[<prev] [next>] [<thread-prev] [thread-next>] [day] [month] [year] [list]
Message-ID: <6db57eb9-13eb-db70-3afa-64b7c074aa7f@netronome.com>
Date: Wed, 11 Apr 2018 16:42:21 +0100
From: Quentin Monnet <quentin.monnet@...ronome.com>
To: Alexei Starovoitov <alexei.starovoitov@...il.com>
Cc: daniel@...earbox.net, ast@...nel.org, netdev@...r.kernel.org,
oss-drivers@...ronome.com, linux-doc@...r.kernel.org,
linux-man@...r.kernel.org
Subject: [RFC bpf-next v2 2/8] bpf: add documentation for eBPF helpers (01-11)
2018-04-10 10:56 UTC-0700 ~ Alexei Starovoitov
<alexei.starovoitov@...il.com>
> On Tue, Apr 10, 2018 at 03:41:51PM +0100, Quentin Monnet wrote:
>> Add documentation for eBPF helper functions to bpf.h user header file.

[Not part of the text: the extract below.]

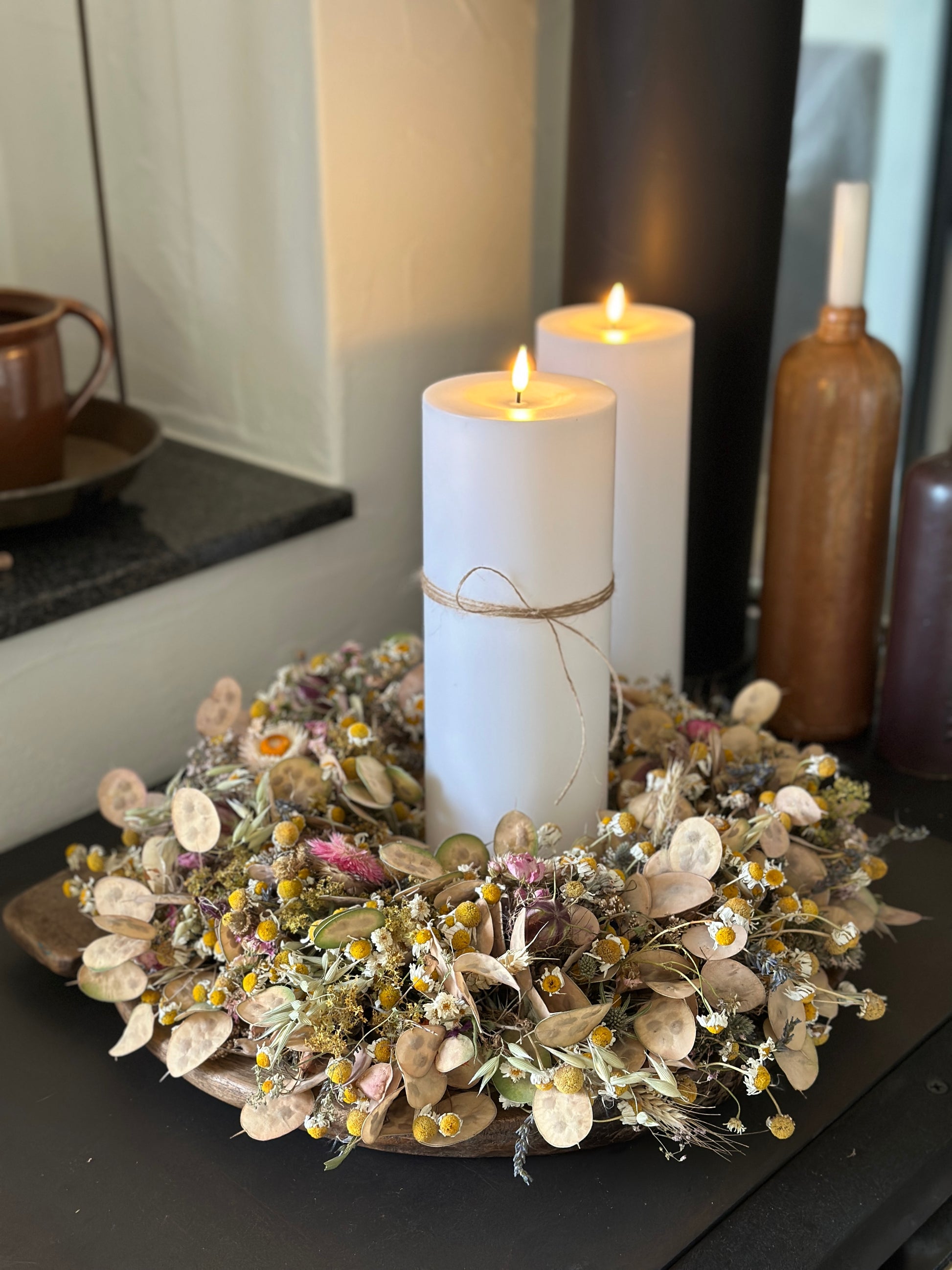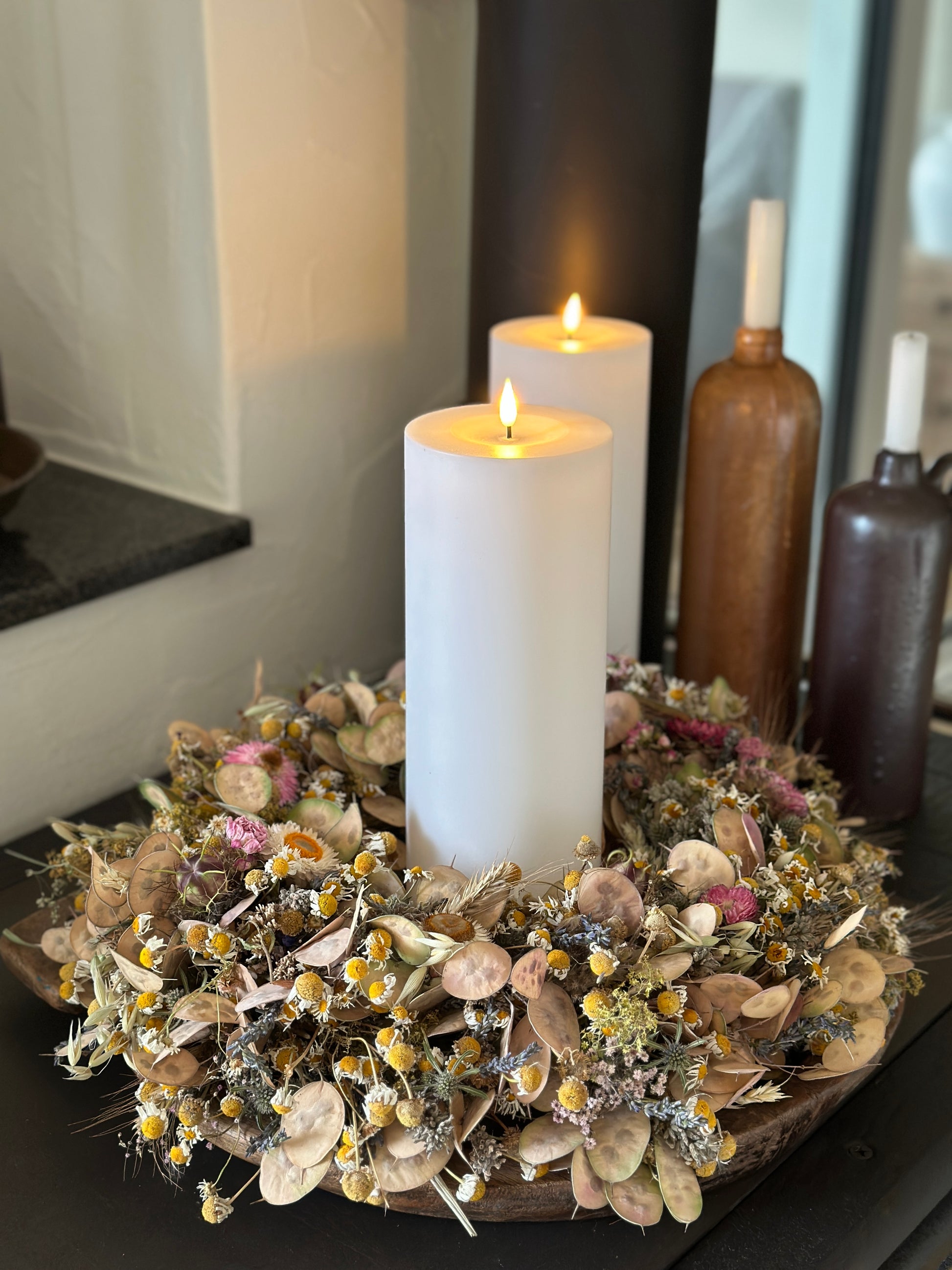 Kerze weiß für innen und außen geeignet, inklusive Timerfunktion für 6/18 Stunden.

>> This documentation can be parsed with the Python script provided in
>> another commit of the patch series, in order to provide a RST document
>> that can later be converted into a man page.
>>
>> The objective is to make the documentation easily understandable and
>> accessible to all eBPF developers, including beginners.
>>
>> This patch contains descriptions for the following helper functions, all
>> written by Alexei:
>>
>> - bpf_map_lookup_elem()
>> - bpf_map_update_elem()
>> - bpf_map_delete_elem()
>> - bpf_probe_read()
>> - bpf_ktime_get_ns()
>> - bpf_trace_printk()
>> - bpf_skb_store_bytes()
>> - bpf_l3_csum_replace()
>> - bpf_l4_csum_replace()
>> - bpf_tail_call()
>> - bpf_clone_redirect()
>>
>> Cc: Alexei Starovoitov <ast@...nel.org>
>> Signed-off-by: Quentin Monnet <quentin.monnet@...ronome.com>
>> ---
>> include/uapi/linux/bpf.h | 199 +++++++++++++++++++++++++++++++++++++++++++++++
>> 1 file changed, 199 insertions(+)
>>
>> diff --git a/include/uapi/linux/bpf.h b/include/uapi/linux/bpf.h
>> index 45f77f01e672..2bc653a3a20f 100644
>> --- a/include/uapi/linux/bpf.h
>> +++ b/include/uapi/linux/bpf.h
>> @@ -381,6 +381,205 @@ union bpf_attr {
>> * intentional, removing them would break paragraphs for rst2man.
>> *
>> * Start of BPF helper function descriptions:
>> + *
>> + * void *bpf_map_lookup_elem(struct bpf_map *map, void *key)
>> + * Description
>> + * Perform a lookup in *map* for an entry associated to *key*.
>> + * Return
>> + * Map value associated to *key*, or **NULL** if no entry was
>> + * found.
>> + *
>> + * int bpf_map_update_elem(struct bpf_map *map, void *key, void *value, u64 flags)
>> + * Description
>> + * Add or update the value of the entry associated to *key* in
>> + * *map* with *value*. *flags* is one of:
>> + *
>> + * **BPF_NOEXIST**
>> + * The entry for *key* must not exist in the map.
>> + * **BPF_EXIST**
>> + * The entry for *key* must already exist in the map.
>> + * **BPF_ANY**
>> + * No condition on the existence of the entry for *key*.
>> + *
>> + * These flags are only useful for maps of type
>> + * **BPF_MAP_TYPE_HASH**. For all other map types, **BPF_ANY**
>> + * should be used.
>
> I think that's not entirely accurate.
> The flags work as expected for all other map types as well
> and for lru map, sockmap, map in map the flags have practical use cases.
>
Ok, I missed that. I have to go back and check how the flags are used
for those maps. I will cook up something cleaner for the next version of
the set.
>> + * Return
>> + * 0 on success, or a negative error in case of failure.
>> + *
[...]
>> + *
>> + * int bpf_trace_printk(const char *fmt, u32 fmt_size, ...)
>> + * Description
>> + * This helper is a "printk()-like" facility for debugging. It
>> + * prints a message defined by format *fmt* (of size *fmt_size*)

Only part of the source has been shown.